Basically, Halving the L3$ will not suffice, The L3$ needs to be a quarter of the size(which can be done with the dense libraries from TSMC), The FPU about 40% the size(Ala PS5 FPU), No TSV rails..

Let me try to find my diagrams.
 

Rekluse

Member
Sep 16, 2022
36
46
61
128 cores per package will be based on 16 core CCDs. They will need only 8 CCDs to accomplish that on the same package. It will look like Milan, two each on each quadrant. The 16 core CCDs are two 8 core CCXs with 1/2 the L3 cache. The L3 Cache makes up a large chunk of the CCX size, so halving it means that the CCD only needs to be roughly 50% larger to accommodate all 16 cores. That, alone, gets you most of the way there. Recent rumors point to AMD using a slightly denser track library on the Bergamo CCDs to increase transistor density and further shrink the CCDs.

I've done the math and the drawing, it's more complicated than what you believe.

Basically, Halving the L3$ will not suffice, The L3$ needs to be a quarter of the size(which can be done with the dense libraries from TSMC), The FPU about 40% the size(Ala PS5 FPU), No TSV rails..

Let me try to find my diagrams.

I can't quite remember whether it's cache that benefits most from a node shrink or whether it benefits the least.

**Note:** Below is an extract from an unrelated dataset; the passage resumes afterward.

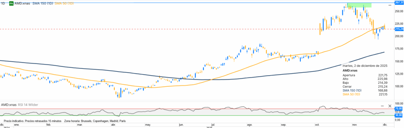 Advanced Micro Devices, se ha consolidado como uno de los grandes competidores de Nvidia en el mercado de chips de IA. Su fortaleza se basa en la diversificación: centros de datos, inteligencia artificial, ordenadores personales y servidores. A pesar de cotizar a múltiplos exigentes, su crecimiento justifica gran parte de esta valoración. AMD completó un giro alcista claro tras marcar mínimos en primavera, superando medias clave y encadenando máximos crecientes hasta otoño. La corrección reciente apoya sobre la SMA 50, manteniendo estructura positiva mientras no pierda la zona de 200 $ como soporte decisivo.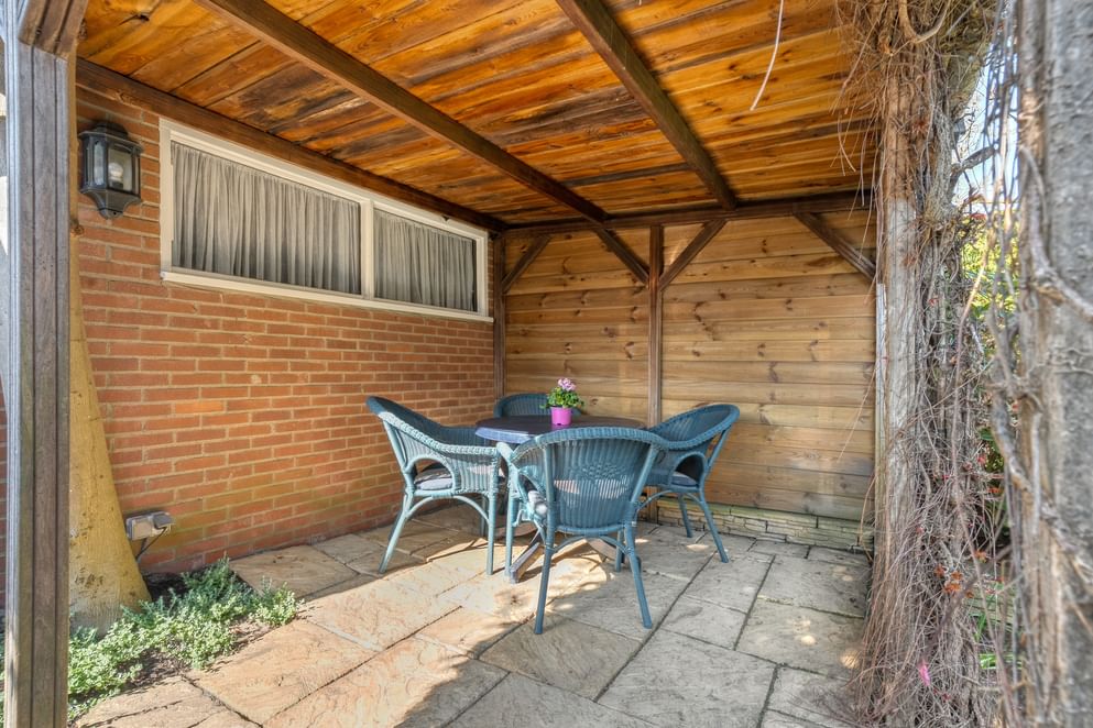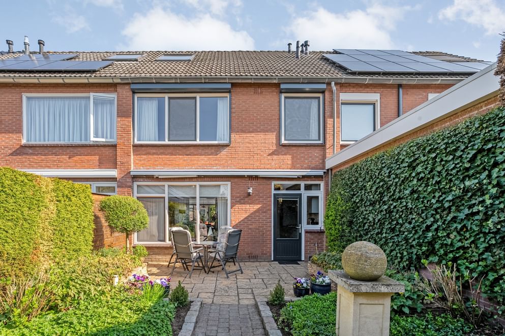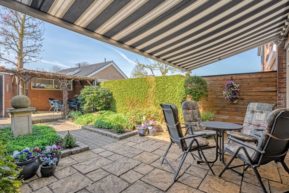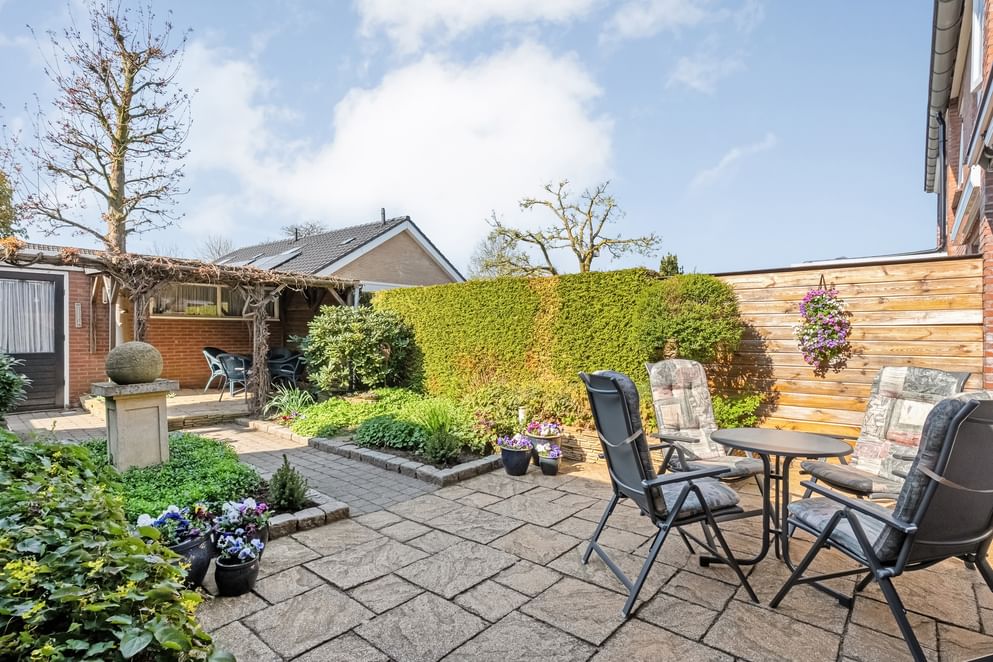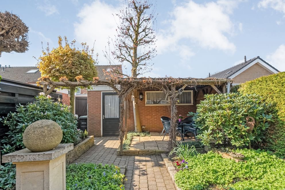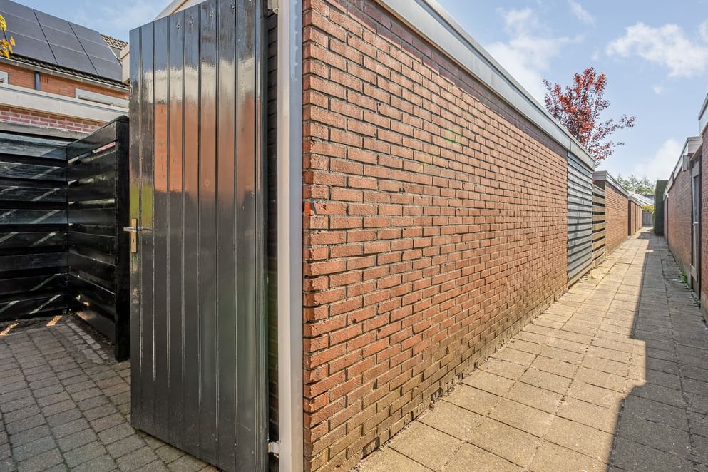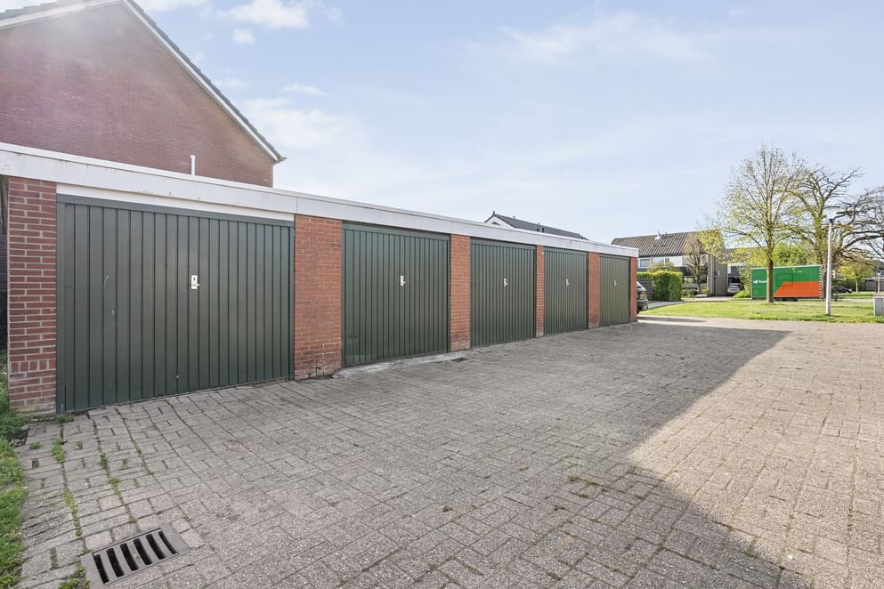 De zonnige achtertuin, op het zuidwesten gelegen, is bereikbaar via de keuken en is verzorgd en groen aangelegd. In de tuin zijn meerdere zitplekken gecreëerd, waardoor er op verschillende momenten van de dag een fijne plek is om buiten te zitten. Achterin de tuin bevindt zich een veranda, waar je beschut en comfortabel kunt genieten van het buitenleven. Daarnaast is er een halfsteens, vrijstaand schuurtje aanwezig, voorzien van elektra en daarmee geschikt als praktische ruimte voor het opbergen van o.a. de tuinspullen en de fietsen. De woning beschikt tevens over een separate garagebox voorzien van elektra en water, die ook kan dienen als extra bergruimte of parkeergelegenheid.

Or am I confusing all this for the memory controllers in the IOD. Possibly the less bandwidth sensitive Chiplet MCD structure of RDNA3 that's still on 6nm that's throwing me off.
 

LightningZ71

Platinum Member
Mar 10, 2017
2,509
3,191
136
Cache is benefiting less and less from node shrinks, however, apparently, choosing different design libraries can notably influence it's density. AMD mentioned that with respect to the 3D Cache on the 5800X3d that they had used a cache optimized design rule set for the cache die. I suspect that using a higher density library for Bergamo won't be focused on cache density.